TSX Venture Exchange has accepted for filing the Qualifying Transaction of
the Company described in its Joint Information Circular dated as of
December 1, 2010. As a result, at the opening on Wednesday, January 12,
2011, the Company will no longer be considered a Capital Pool Company. The
Qualifying Transaction includes the following:
Qualifying Transaction-Completed:
Pursuant to an arm's length amalgamation agreement dated as of October 5,
2010, the Company and Australia Energy Corp. ('AEC') have combined to form
PetroFrontier Corp. (the 'Resulting Issuer'). Pursuant to the amalgamation,
583,333 shares of the Resulting Issuer were issued to the Company's
shareholders at an exchange ratio of 12 Company shares for each Resulting
Issuer share. In exchange for the shares of AEC, 17,396,801 Resulting
Issuer shares were issued to AEC shareholders at a deemed price of $1.20
per share for a total deemed consideration of $20,876,161. Additionally,
26,500,000 Resulting Issuer shares were issued pursuant to the conversion
of AEC subscription receipts sold through a brokered private placement
completed by AEC in December 2010, 2,750,000 Resulting Issuer shares were
issued pursuant to a non-brokered private placement also completed by AEC
in December 2010, and 500,000 Resulting Issuer shares were issued to
Northern Territory Oil Ltd. ('NTO') pursuant to an agreement between AEC
and NTO.
A total of 3,699,635 Resulting Issuer shares issued pursuant to the
Qualifying Transaction are subject to a Tier 2 Value Security Escrow
Agreement to be released over a 36-month period from the date of this
bulletin.
Insider / Pro Group Participation:
Insider=Y /
Name ProGroup=P # of Shares
Paul J. Bennett Y 20,000
Matthew P. Philipchuk Y 125,000
Peter A. Philipchuk Y 125,000
Shane J. Kozak Y 10,000
Robert J. Iverach Y 300,001
James W. Buckee Y 459,000
Martin P. McGoldrick Y 185,000
Al J. Kroontje Y 750,000
Donald J. Rae Y 100,000
Odin Capital Inc.
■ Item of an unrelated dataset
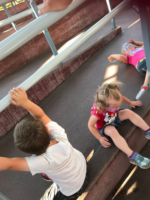 Mickeys Toontown we hadn't even like walked in yet so we decided we had to at least go their and let the kids explore the houses and of course Goofys playground because that is the best part. We let the kids play to their hearts content and then of course tried to convince the kids to go on the coaster in their because we have never rode it. Brooklyn was so cute and waved and rode off thinking it was going to be awesome, little did she know it was fast and she was a bit scared but it was oh so cute. Andie said it was fun after the fact but her initial thought was it was scary and she did NOT like it haha. Jake was too chicken and absolutely refused to even attempt the coaster that's when we knew there was no point in trying the rocky mountain railroad with him (which we had fast passes for haha).
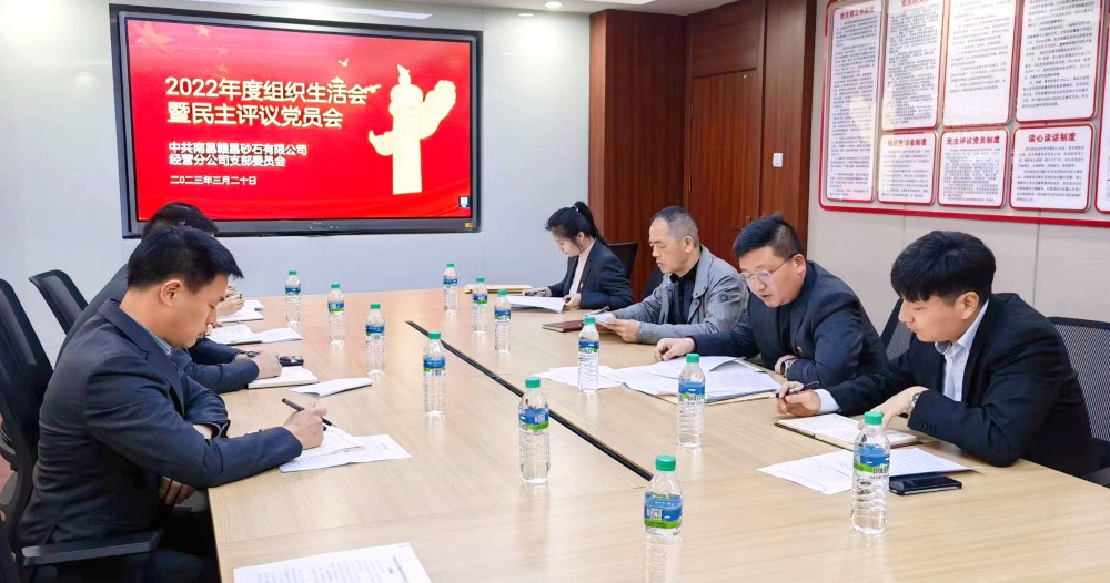 3月20日上午,南昌贛昌砂石有限公司經(jīng)營分公司黨支部在公司24樓黨員活動(dòng)室召開2022年度組織生活會(huì)暨民主評議黨員大會(huì)。南昌贛昌砂石有限公司總經(jīng)理助理葉劍飛出席會(huì)議。會(huì)議由黨支部書記熊志主持,黨支部全體黨員參加。

Y 1,625,634
(Matthew Philipchuk,
Peter Philipchuk)
The Company is classified as an 'Oil and Gas' company.
For further information, please refer to the Company's Joint Information
Circular dated as of December 1, 2010 which is available on SEDAR.
In addition, the Exchange has accepted for filing the following:
Name Change and Consolidation:
Pursuant to a resolution passed by shareholders December 29, 2010 approving
the amalgamation, the Company has effectively consolidated its capital on a
12 old for 1 new basis. The name of the Company has also been changed as
follows.
Effective at the opening Thursday, January 13, 2011, the common shares of
PetroFrontier Corp. will commence trading on TSX Venture Exchange, and the
common shares of Pendulum Capital Corporation will be delisted.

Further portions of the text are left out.